Janelle Monáe’s full-length debut arrives with the weight of contemporary Black Artistry on its shoulders. She’s been praised by major artist, she’s on Bad Boy, and has an inclination towards the odd and eccentric, or so we’re made to believe. The ArchAndroid follows last year Metropolis EP, which introduced listeners to Cindi Mayweather, a robot running from a fascist state in the future, and searching for her humanity. From the print other taste-makers have already put to page, The ArchAndroid will be making heavy appearances on best of 2010 lists. Most of the writing has Janelle being the next best thing since the last savior of music; whoever you can recall that being. Yet, what the album delivers is just plain good music.
The ArchAndroid unconsciously forgoes much of the high-minded concept that really just distracted from her talent and music on Metropolis and gets shit crackin’. After the mostly “rapped” electro-tribal “Dance or Die”, featuring Saul Williams doing his typical life, light, and art shtick, the album transitions wonderfully into “Faster”. A soaring composition so full of confidence and contemporary funk, one must truly have a dead soul to not want to shake their ass to such a danceable groove and Janelle’s lush vocal cadences. The momentum is effortlessly moved into “Locked Inside”, a song that mightily channels the King of Pop’s Off The Wall spirit and will bewilder me if it’s not released as a single and booms out of speakers in all places American. This funktafied-disco spirit is also found in the first single “Tightrope”, which is the epitome of an honest modern swagger and cool.

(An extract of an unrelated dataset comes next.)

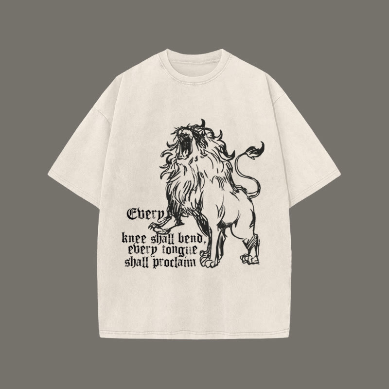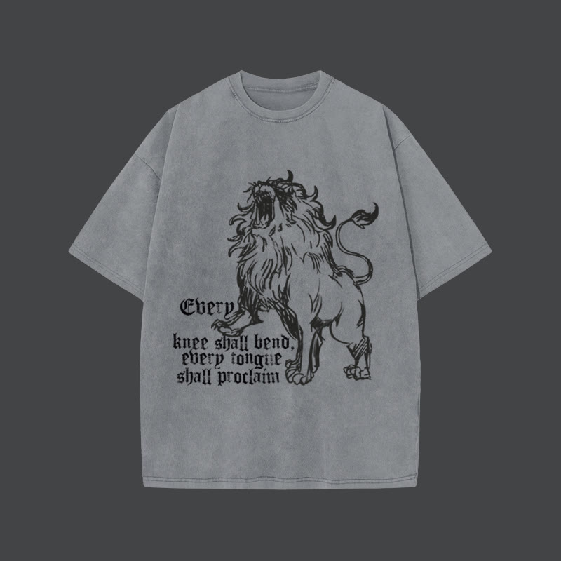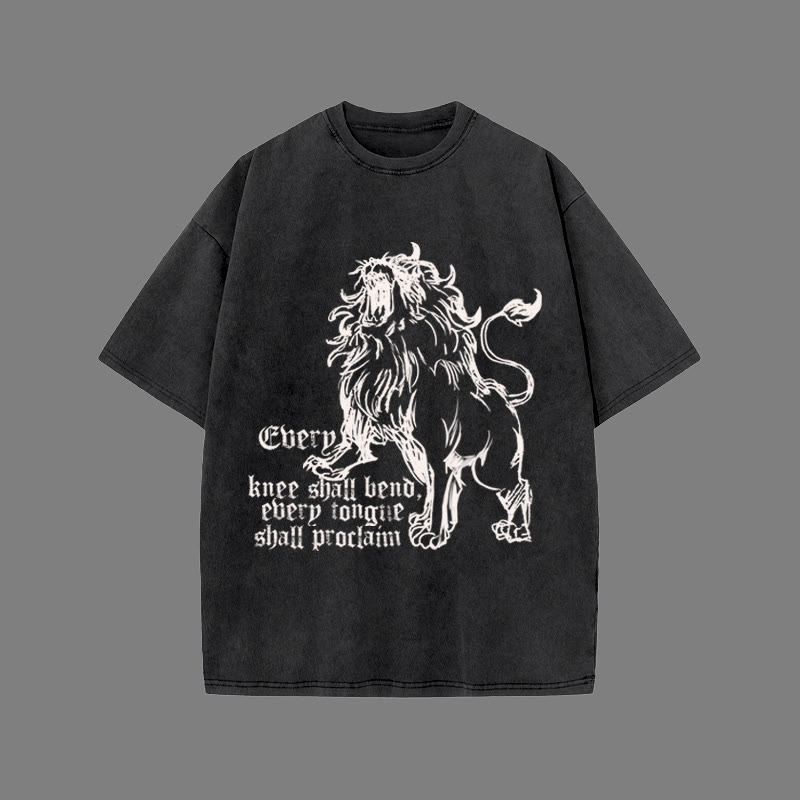 Unisex Every Knee Shall Bend Print Acid Washed T-shirt

Yet, The ArchAndroid flourishes most brightly when things are slowed down and the experimental impulses are restrained and used effectively. “Oh, Maker” elucidates such an exotic and unique musical language it traps listeners within its “newness.” Vacillating between a psychedelic British folk and the best of Neo-Soul, the ballad dumps buckets of thick emotional paint into ones ears. This shimmering sonic eros continues with “Neon Valley Street”, a voluptuous horn-laden voyage that Monáe half sings-half raps into unforgettable territory. This exceptional sound is also found on “Say You’ll Go”, “Sir Greendown”, and the epic “BoBopByeYa”.

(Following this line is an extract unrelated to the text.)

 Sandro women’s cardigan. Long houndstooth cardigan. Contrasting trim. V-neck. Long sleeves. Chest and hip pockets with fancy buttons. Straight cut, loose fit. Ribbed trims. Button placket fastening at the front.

Ultimately my biggest gripe with The ArchAndroid is that someone just threw too much shit into this gumbo. Parts R&B, parts funk and disco, parts glam rock, parts electro-pop, parts punk-pop, and parts rap, this long player just comes off like Monae trying too many hats at once. “Make The Bus” featuring Indy faves Of Montreal is a bad attempt to grab that audience; “Cold War” comes off like a Gnarls Barkley rip-off; and “Mushrooms and Roses” takes pysch rock down an over-filtered, boringly sparse escapade into nothingness. The ArchAndroid shows where Janelle sounds best and most comfortable right now in her career. There was no need to run through all of her influences on one record. Some quality control really would have made this what some are calling “a game changer”. In the end, the young woman blessed with a voice as soothing and strong as coastal winds is all that is needed with as funky backing beat. She doesn’t need to “change the game” or “save music” from shit. All she needs to do is to continue to grow and make music that is true to her. The magic and audience will follow.